§ **DATA SHOWN**
+-------+
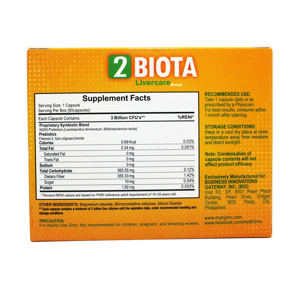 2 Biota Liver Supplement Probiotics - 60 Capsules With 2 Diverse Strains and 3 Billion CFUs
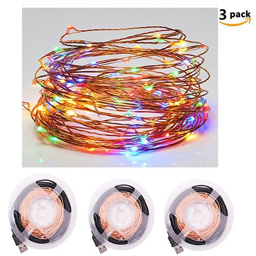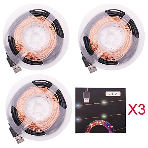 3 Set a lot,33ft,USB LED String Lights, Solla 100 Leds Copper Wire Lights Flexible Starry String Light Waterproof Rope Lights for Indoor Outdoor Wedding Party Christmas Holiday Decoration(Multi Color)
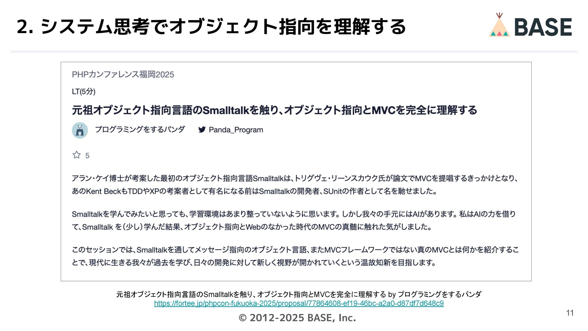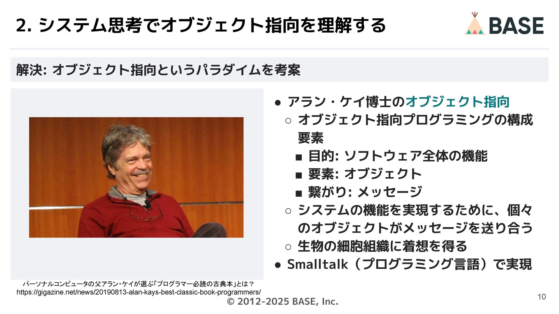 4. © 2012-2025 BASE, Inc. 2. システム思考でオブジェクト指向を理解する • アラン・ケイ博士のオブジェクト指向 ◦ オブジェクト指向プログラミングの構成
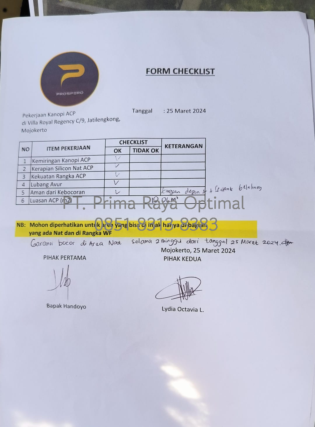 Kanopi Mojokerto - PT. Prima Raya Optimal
+-------+
Leaving each image aside, repeat the listing above exactly.

 2 Biota Liver Supplement Probiotics - 60 Capsules With 2 Diverse Strains and 3 Billion CFUs
 3 Set a lot,33ft,USB LED String Lights, Solla 100 Leds Copper Wire Lights Flexible Starry String Light Waterproof Rope Lights for Indoor Outdoor Wedding Party Christmas Holiday Decoration(Multi Color)
 4. © 2012-2025 BASE, Inc. 2. システム思考でオブジェクト指向を理解する • アラン・ケイ博士のオブジェクト指向 ◦ オブジェクト指向プログラミングの構成
 Kanopi Mojokerto - PT. Prima Raya Optimal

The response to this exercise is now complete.